Neu ist jedoch, dass trotz Zahlungsunfähigkeit einige Investoren kurz vor dem Insolvenzantrag ausgezahlt wurden und dass Gelder in Höhe von 311 Millionen die Konten verließen.

In die Immobilienprojekte der GPG investierten auch russische Anleger. Eine kleinere Gruppe hat ein Privatbankier vermittelt. Laut Gutachten befürchteten sie bereits Ende 2019, „dass ihre Investitionen gefährdet sind.“ In diesem Jahr kamen auch erste Berichte ans Licht, wonach die Zahlungen an die Anleger wegblieben. Die acht russischen Investoren sollen, so das Gutachten, Druck ausgeübt haben, um ihre Gelder zu bekommen. Anders, als tausende geschädigte Anleger aus Großbritannien, Irland, Südkorea und Singapur, ist es ihnen gelungen, einen Großteil ihrer Anlagen einzutreiben.
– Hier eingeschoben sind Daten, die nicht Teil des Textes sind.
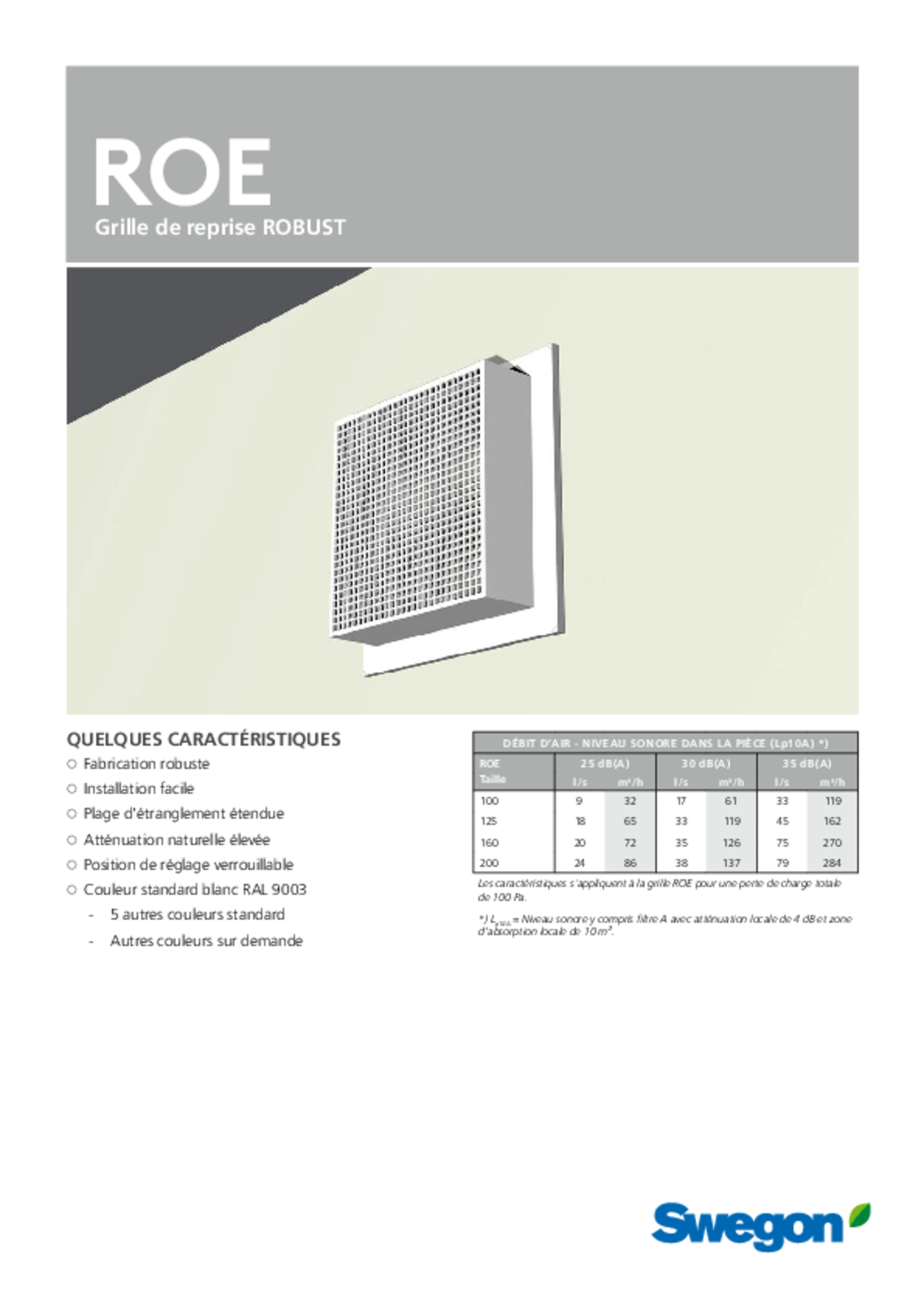 | Les caractéristiques s’appliquent à la grille ROE pour une perte de charges totale de 100 Pa. *) Lp10A = Niveau sonore y compris filtre A avec atténuation locale de 4 dB et zone d’absorption locale de 10 m². | |||||||

Ein Investor aus Russland und seine Familie bekamen 70 Prozent der ursprünglichen Investition ausgezahlt, weitere sieben Anleger erhielten ebenfalls einen bedeutenden Teil ihrer Gelder zurück. Die letzteren bekamen das Angebot, ihre Forderungen an eine GPG-Tochter zu verkaufen. Letztendlich sollten sie zwischen 60 und 80 Prozent ihrer Investitionen erhalten.

Das Gutachten erbringt Beweise für Überweisungen in Höhe von 2,6 Millionen Euro, die zwischen April und Mai 2020 an die russischen Anleger gingen. Das entspricht etwa einem Drittel ihrer Anlagen. Insolvenzanwalt Hölzle geht anhand von internem Schriftverkehr jedoch davon aus, dass fast alle Forderungen der russischen Anleger ausgezahlt wurden. Auf unsere Anfrage reagierten Firmengründer Charles Smethurst und der russische Privatbankier bis zur Veröffentlichung dieses Artikels nicht.

Die Auszahlung ausgewählter Gläubiger ist aus rechtlicher Sicht fragwürdig, vor allem vor dem Hintergrund der bilanziellen Zahlungsunfähigkeit. Es könnte also im Zuge des Insolvenzverfahrens dazu kommen, dass die Gelder wieder eingefordert werden.

Hohe Vermittlerprovisionen, Zahlungen an Dritte

Die Geldflüsse im Gutachten zeigen nur einzelne Puzzlestücke aus den langjährigen Geschäftstätigkeiten. Auffällig ist aber, dass trotz Zahlungsunfähigkeit die Projektgesellschaft DC80, die als zentrale Kapitalsammelstelle in der Firmengruppe agierte, „signifikante Auszahlungen an Drittunternehmen“ getätigt haben soll, die „nach erstem Anschein keine Leistungen für die Gruppe erbracht haben.“

Außerdem gab es Forderungen gegen „diverse Drittunternehmen“, die alle „zum Lager Smethurst“ oder seinen direkten Familienangehörigen gehören. Medienberichten zufolge bekam der Homeshoppingkanal von Manou Lenz, die Frau des Gründers Charles Smethurst, mindestens neun Millionen Euro. Weitere Millionen sollen GPG-Vermittler im Ausland über ihre Provisionen hinaus entnommen haben.

Laut Gutachten soll die zentrale Kapitalsammelstelle der GPG ab September 2018, als das Unternehmen bereits zahlungsunfähig gewesen sein soll, bis zum Insolvenzantrag im Juli 2020 noch Gelder in Höhe von 311 Millionen Euro ausgezahlt haben.

Ist ein Teil des Geldes also im Umfeld des Unternehmens versickert?

Fest steht jedenfalls, dass die Vermittler, die dafür sorgten, dass Tausende Anleger den Versprechen der German Property Group Glauben schenkten und ihre Ersparnisse überwiesen, überdurchschnittlich bezahlt waren. Nach bisherigem Kenntnisstand arbeiteten die Vermittler für eine Provision von 20 Prozent. Von jedem investierten 1.000 Euro gingen also zuallererst 200 Euro direkt in die Taschen der Vermittler. Nach der Berechnung im Gutachten hat die GPG 45 Prozent der Investorengelder entweder für Vermittler oder in die Auszahlung anderer Investoren verwendet.